[Opening Task inputs section]
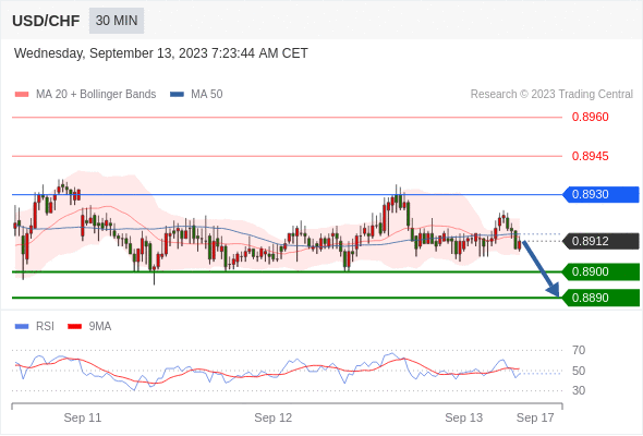 在 0.8930 之下,看跌,目标价位为 0.8900 ,然后为 0.8890 。
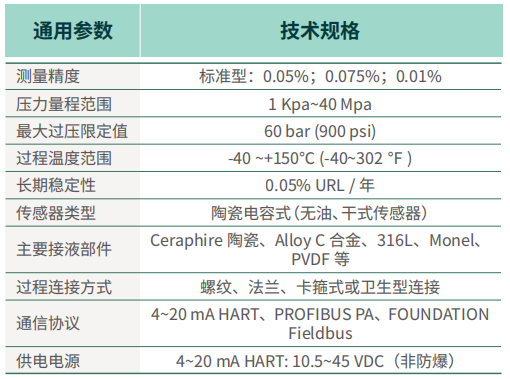 采用无油陶瓷传感器的 FPC200 智能高精度压力变送器,主要用于测量气体和液体的压力、液位、体积及质量。它特别适用于过程工业和卫生行业。核心的陶瓷测量元件使其在面对许多苛刻工况时,能表现出高度的稳定性和安全性。
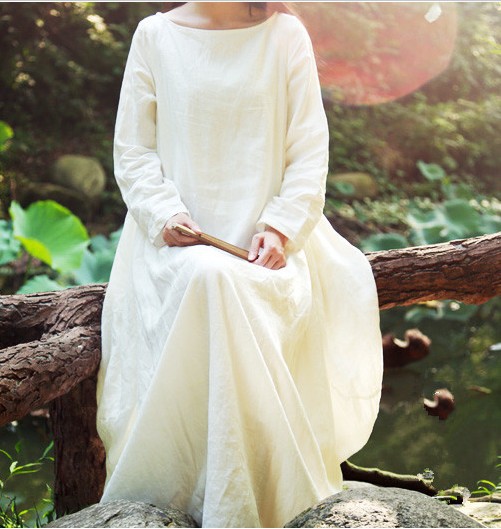 原創(chuàng)文藝亞麻連衣裙長袖一字領(lǐng)長裙楊麗萍同款連衣裙 /
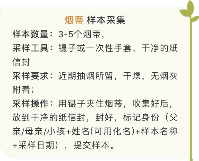 做亲子鉴定样本可包括:血痕、头发、口腔拭子、指甲、牙刷、烟蒂、口香糖以及精液等,以下是烟蒂和口香糖的采集要求: 烟蒂的收集要求: 样本数量:3-5个烟蒂...
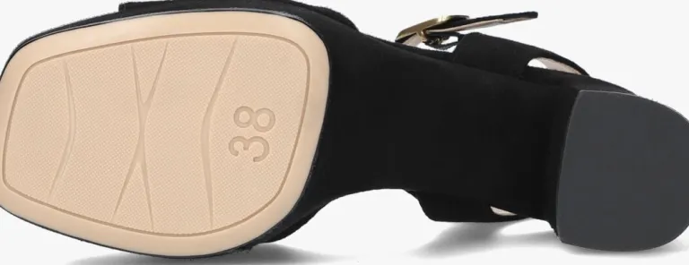 Ga voor een elegante retro look met deze zwarte sandaal NEY met plateau, blokhak en vierkante neus van het merk UNISA! Dit unieke model van suède heeft een brede band op de voorvoet en een sierlijk enkelbandje met handige goudkleurige gespsluiting. Alle bandjes zijn gevoerd met soepel leer en het voetbed is van suède met een leren toplaag met licht dempende werking voor een comfortabel gevoel. Mooi detail is dat het plateau en de blokhak bekleed zijn met hetzelfde suède, waardoor de sandaal een sophisticated uitstraling heeft onder jouw outfit. De rubberen loopzool en haktip zorgen voor een goede grip. Het plateau onder de voorvoet is 3 centimeter dik en de hak heeft een hoogte van 7 centimeter. Combineer ‘m bij jouw mooiste outfit en steel de show!
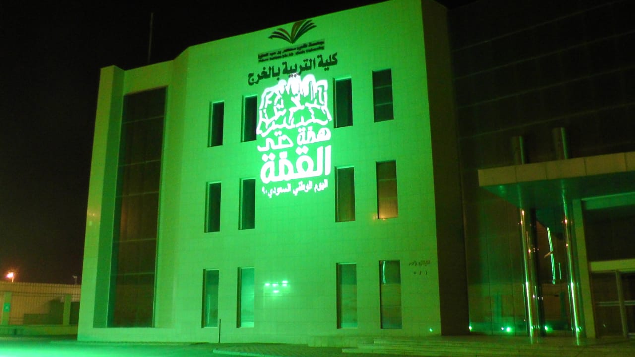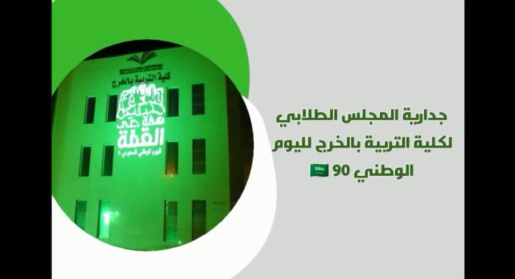 تحت رعاية سعادة الدكتور/عبدالرحمن بن عبيد الرفدي عميد كلية التربية بالخرج،احتفلت وحدة العمل الطلابي بالتعاون مع وحدة العلاقات العامة باليوم الوطني (90) تحت شعار (همة حتى القمة )
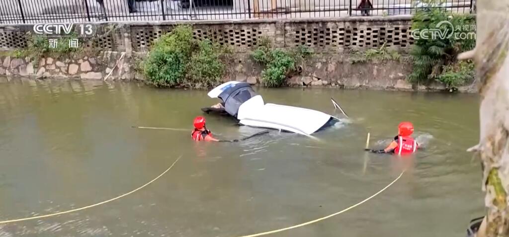 小車(chē)失控沖進(jìn)河涌 熱心群眾營(yíng)救被困司機(jī)
[Closing Task inputs section]
## [Task prompt]
Leave out the pictures and output every record above precisely as given.

## [Response]
 在 0.8930 之下,看跌,目标价位为 0.8900 ,然后为 0.8890 。
 采用无油陶瓷传感器的 FPC200 智能高精度压力变送器,主要用于测量气体和液体的压力、液位、体积及质量。它特别适用于过程工业和卫生行业。核心的陶瓷测量元件使其在面对许多苛刻工况时,能表现出高度的稳定性和安全性。
 原創(chuàng)文藝亞麻連衣裙長袖一字領(lǐng)長裙楊麗萍同款連衣裙 /
 做亲子鉴定样本可包括:血痕、头发、口腔拭子、指甲、牙刷、烟蒂、口香糖以及精液等,以下是烟蒂和口香糖的采集要求: 烟蒂的收集要求: 样本数量:3-5个烟蒂...
 Ga voor een elegante retro look met deze zwarte sandaal NEY met plateau, blokhak en vierkante neus van het merk UNISA! Dit unieke model van suède heeft een brede band op de voorvoet en een sierlijk enkelbandje met handige goudkleurige gespsluiting. Alle bandjes zijn gevoerd met soepel leer en het voetbed is van suède met een leren toplaag met licht dempende werking voor een comfortabel gevoel. Mooi detail is dat het plateau en de blokhak bekleed zijn met hetzelfde suède, waardoor de sandaal een sophisticated uitstraling heeft onder jouw outfit. De rubberen loopzool en haktip zorgen voor een goede grip. Het plateau onder de voorvoet is 3 centimeter dik en de hak heeft een hoogte van 7 centimeter. Combineer ‘m bij jouw mooiste outfit en steel de show!
 تحت رعاية سعادة الدكتور/عبدالرحمن بن عبيد الرفدي عميد كلية التربية بالخرج،احتفلت وحدة العمل الطلابي بالتعاون مع وحدة العلاقات العامة باليوم الوطني (90) تحت شعار (همة حتى القمة )
 小車(chē)失控沖進(jìn)河涌 熱心群眾營(yíng)救被困司機(jī)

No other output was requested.